▶ [Brief] Using the records below, write out only the lines from the line containing "Обои Грудной спящий" up to and including the line containing "Особливу увагу вона", exactly, with no pictures.
Data supplied below:
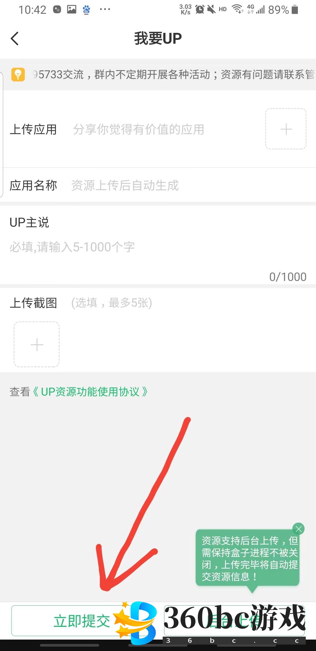 4.填写自己想要发布的资源,填写名称,介绍,截图,后台上传apk或其他格式文件,最后点击立即提交
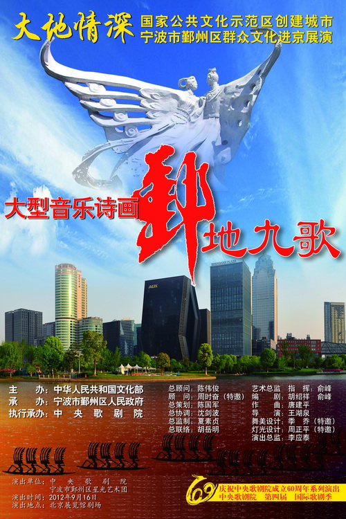 大型音乐诗画《鄞地九歌》是宁波市鄞州区人民政府和中央歌剧院携手打造的、形式新颖的大型音乐诗画舞台剧,是文化部主办的“大地情深”国家公共文化示范区创建城市宁波市鄞州区群众文化进京展演的剧目。2012年9月16日晚,中央歌剧院歌剧团、合唱团、交响乐团和舞台美术制作中心的350名艺术家将与来自宁波市鄞州区的星光艺术团、民间艺人和群众演员一起,在著名指挥家俞峰的指挥下将这部取自民间的舞台艺术精品在北京展览馆剧场呈现给广大观众。
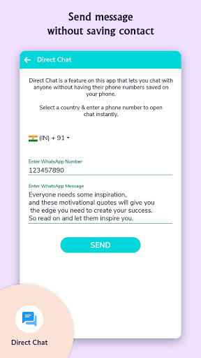 Use Direct Chat to send messages to anyone without saving their phone numbers in your device. Its great features in application that we dind't need to save number
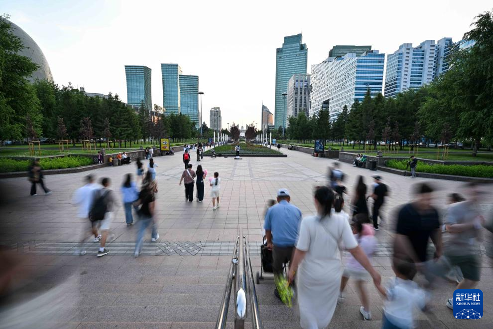6月11日,人们走在哈萨克斯坦首都阿斯塔纳市中心。
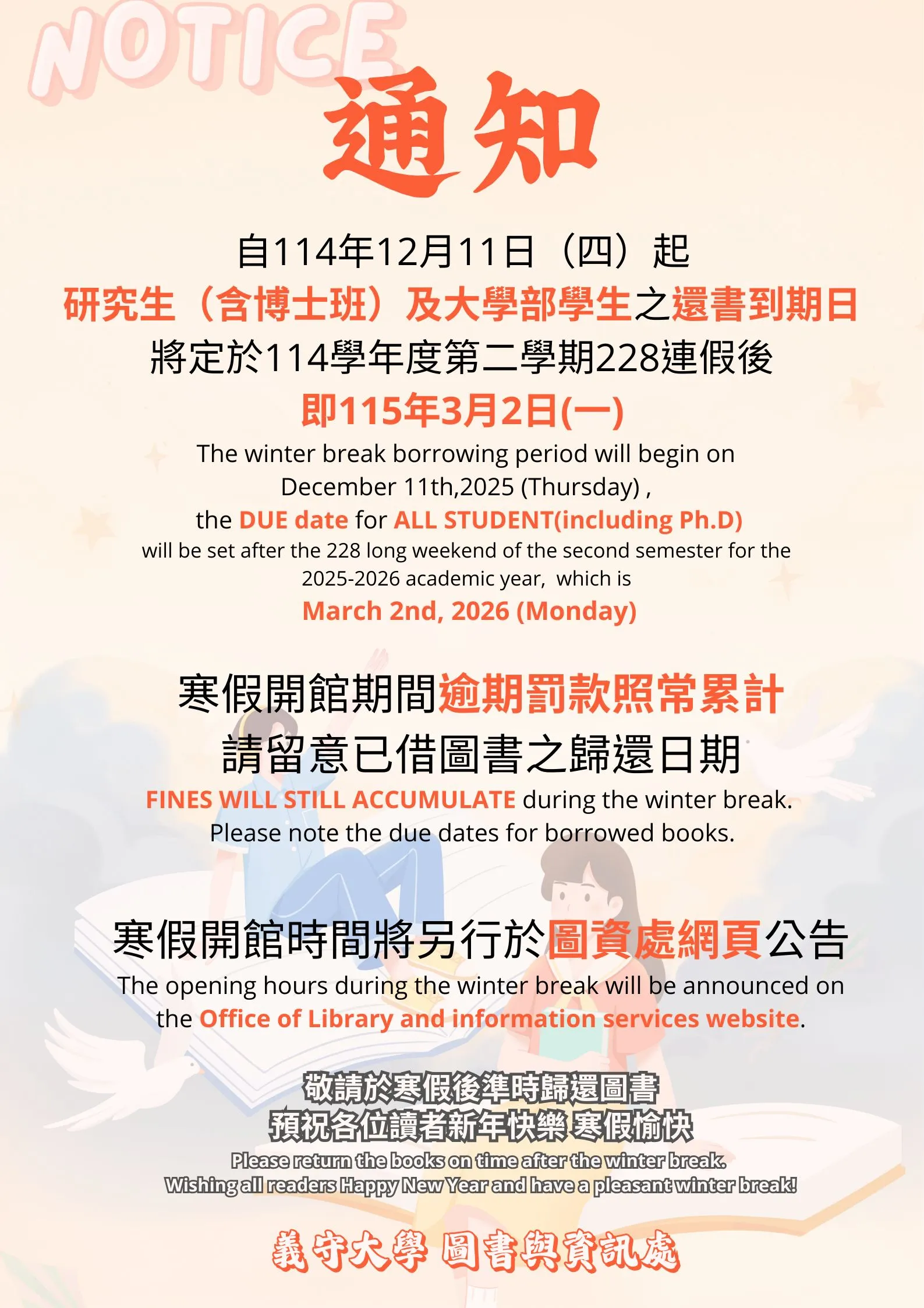 1.For Graduate and Undergraduate Students (including Ph.D. candidates): Books borrowed starting from Thursday, Dec 11, 2025, will be due on Monday, Mar 2nd, 2026.
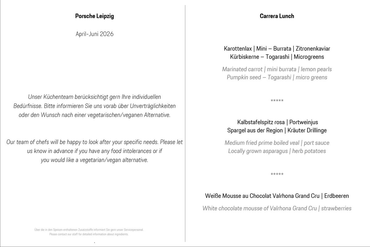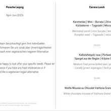 In unserem Restaurant bieten wir Ihnen Kochkunst à la Porsche. Genießen Sie ein 3-Gang-Menü im exklusiven Ambiente des Porsche Experience Center Leipzig. Es erwarten Sie z. B. Esskastaniensuppe, Oldenburger Ente und ein gebratenes Apfeltörtchen. Dabei genießen Sie nicht nur Ihr Menü, sondern auch den faszinierenden 360°-Blick.
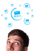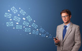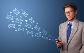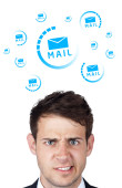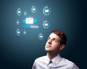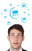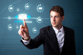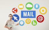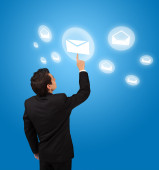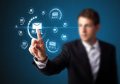 Businesswoman pressing virtual messaging type of icons
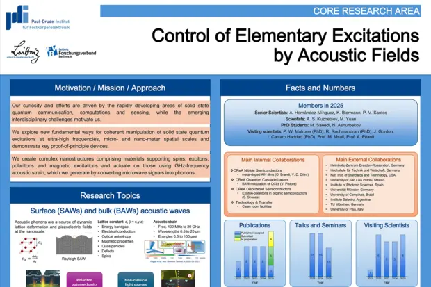 In this CReA, we investigate how elastic vibrations, specifically surface acoustic waves (SAWs) and bulk acoustic waves (BAWs), can manipulate elementary excitations at the nanoscale. Using high-quality materials and advanced nanofabrication techniques, we design structures that efficiently couple to dynamic strain fields. By employing piezoelectric transducers, we generate acoustic waves at frequencies up to 20 GHz, enabling control over material excitations in semiconductor and magnetic systems. Our research spans applications in telecommunications, quantum information processing, and hybrid acousto-opto-electronic systems.
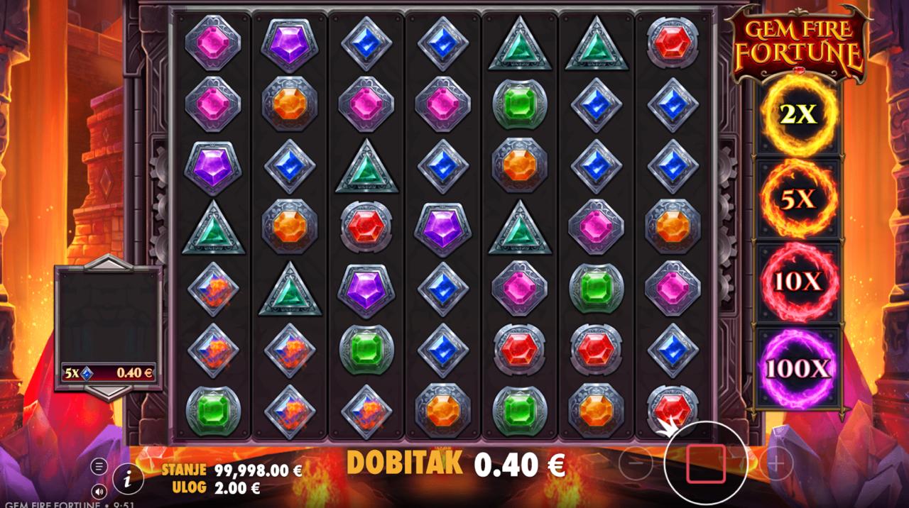 Igri Gem Fire Fortune pristupa se jednostavno: igra se na 5 rola, a cilj je složiti iste simbole na aktivnim dobitnim linijama, počevši s lijeve strane, kako bi ostvario dobitak. Sjajni simboli dragulja donose različite razine nagrada, dok posebni simboli mogu povećati tvoje šanse za veće isplate. Postavi željeni ulog, zavrti role i uživaj u briljantnim kombinacijama i mogućnostima dobitaka!
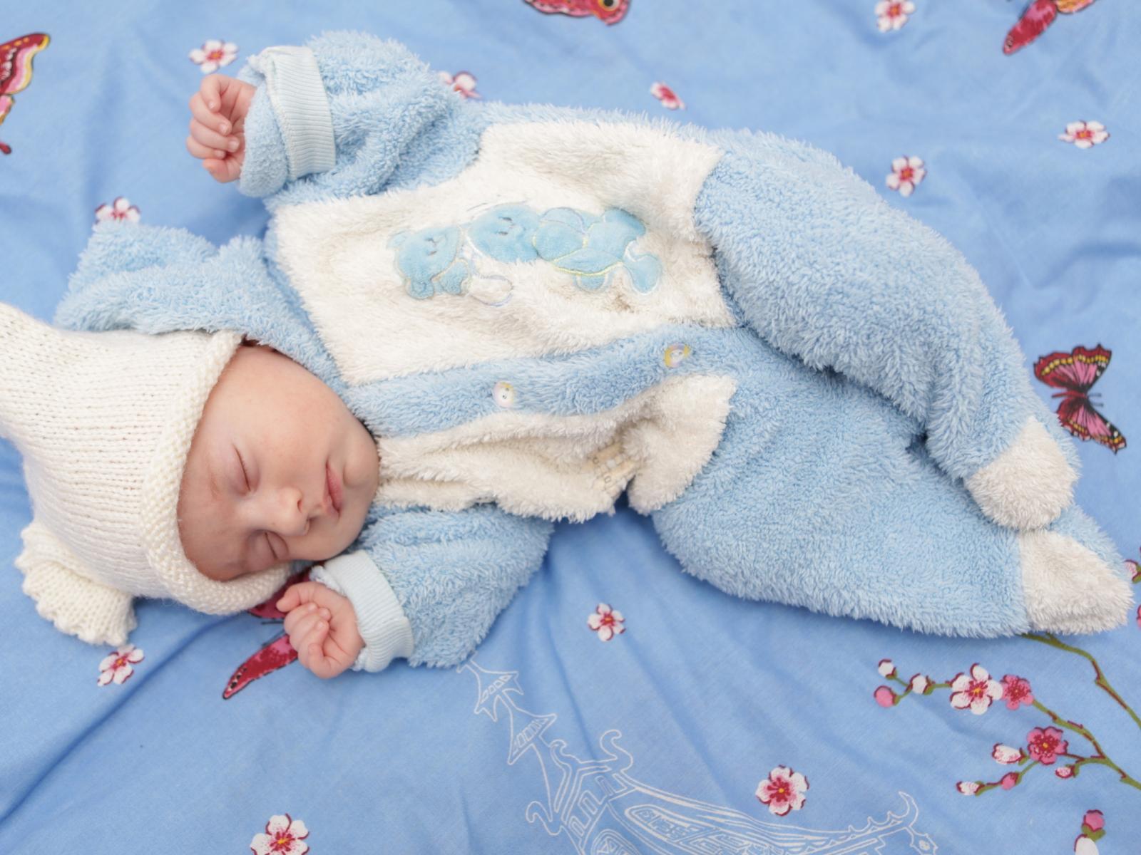 Обои Грудной спящий ребенок в голубом костюме
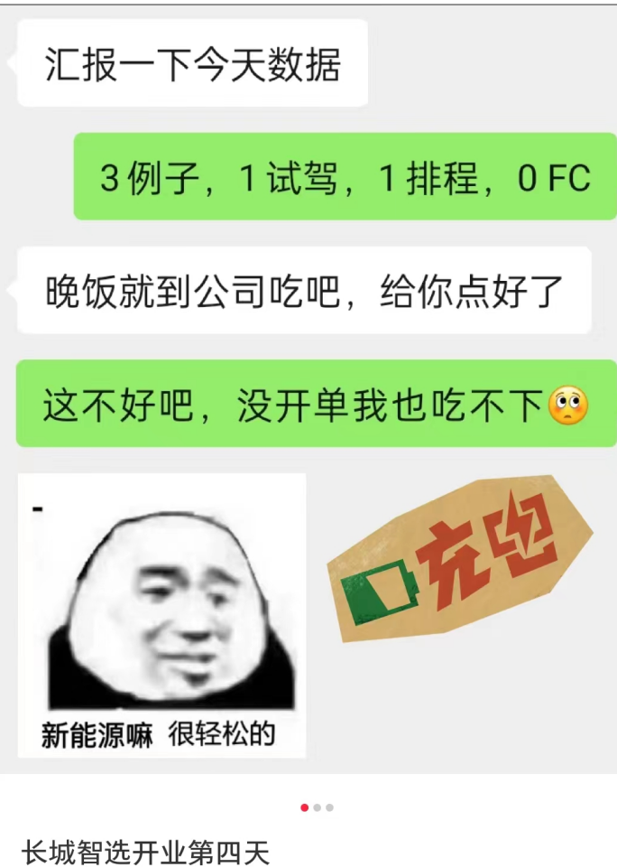 另有长城智选的销售称,才到店四天就被领导给下了很高的指标,“每天需要有4个例子,两个试驾,N个排程”。上班的时候,会被店长时刻监控销售过程指标,如果完不成就要和店长共进晚餐。
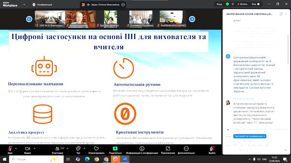 Особливу увагу вона приділила формуванню в учнів здатності орієнтуватися в інформаційному просторі, оперувати даними та використовувати цифрові технології й пристрої. Важливим акцентом стала безпечна та етична поведінка в онлайн-середовищі. Доповідачка також наголосила на потенціалі інтеграції основ кодування через ігрові платформи (Codeium, Codewars, LeetCode), 3D-моделювання (LumaAI, SplineAI, Kaedim, MeshyAI) та робототехніки, де інструменти штучного інтелекту (Gazebo, OpenAI Gym, TensorFlow, NVIDIA Isaac Sim тощо) допомагають дітям розвивати логіку й алгоритмічне мислення.
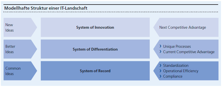 - Diese Risiken intensivieren sich mit der fortschreitenden Digitalisierung aufgrund des Druckes im Markt und der Fülle an neuen technologischen Möglichkeiten und Verheissungen. Grafisch lässt sich dies wie in der Abbildung gezeigt darstellen (Pace-Modell von Gartner).
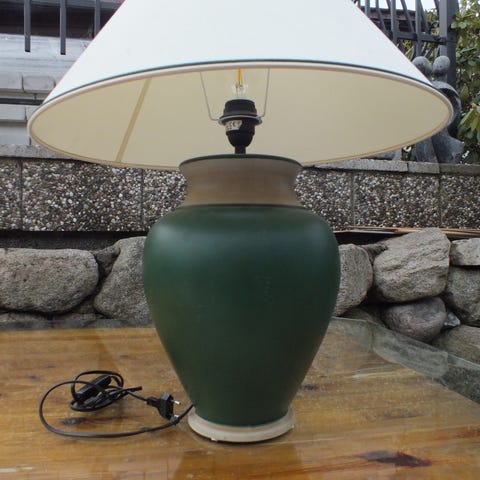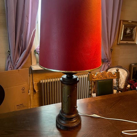 Snygg vintage art deco-inspirerad bordslampa från Bergboms Scanlight AB. Basen är i trä med intarsia, cremefärgad skärm med mindre defekter (liten fläck, ca 2 cm, på ena sidan som ev går att få bort, samt mindre ojämnheter upptill). Lampan är genomgången och hela sladden bytt, till en brun tvinnad textilsladd med jordad kontakt. Funkar som den ska.
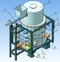 отбора золы; 5.Корпус реактора; 6.Проточный вентилятор; 7.Аэродинамический
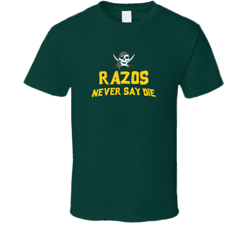 Order your very own The Razo Family Never Say Die The Goonies Movie Tribute T Shirt. It won’t be around forever so buy yours here today! Shop our huge selection of high quality, graphic apparel. Each design is offered on a variety of sizes and styles including; t shirts, hoodies, aprons and even baby one-pieces! This product is pre-treated to ensure quality and longevity of the graphic.
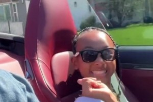 太安逸了!😎詹姆斯开车带着女儿兜风~
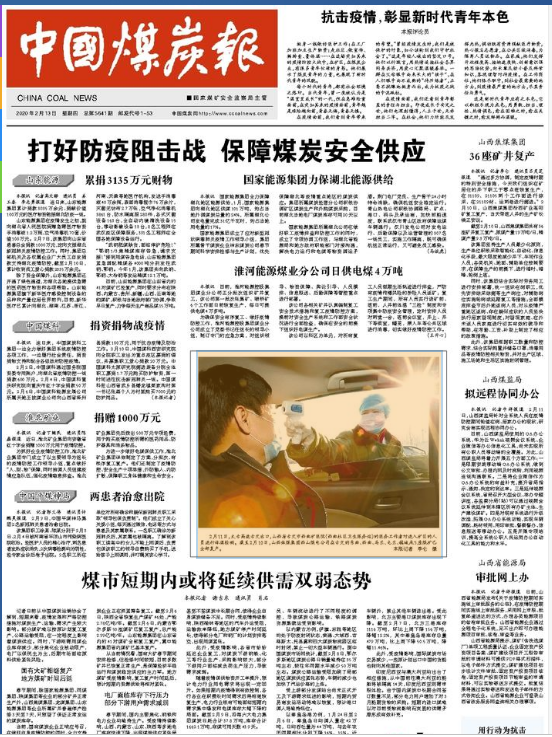 来源:《中国煤炭报》 2020年2月13日 1版头条
End of Data supplied.
▶ [Answer to the problem]
 Обои Грудной спящий ребенок в голубом костюме
 另有长城智选的销售称,才到店四天就被领导给下了很高的指标,“每天需要有4个例子,两个试驾,N个排程”。上班的时候,会被店长时刻监控销售过程指标,如果完不成就要和店长共进晚餐。
 Особливу увагу вона приділила формуванню в учнів здатності орієнтуватися в інформаційному просторі, оперувати даними та використовувати цифрові технології й пристрої. Важливим акцентом стала безпечна та етична поведінка в онлайн-середовищі. Доповідачка також наголосила на потенціалі інтеграції основ кодування через ігрові платформи (Codeium, Codewars, LeetCode), 3D-моделювання (LumaAI, SplineAI, Kaedim, MeshyAI) та робототехніки, де інструменти штучного інтелекту (Gazebo, OpenAI Gym, TensorFlow, NVIDIA Isaac Sim тощо) допомагають дітям розвивати логіку й алгоритмічне мислення.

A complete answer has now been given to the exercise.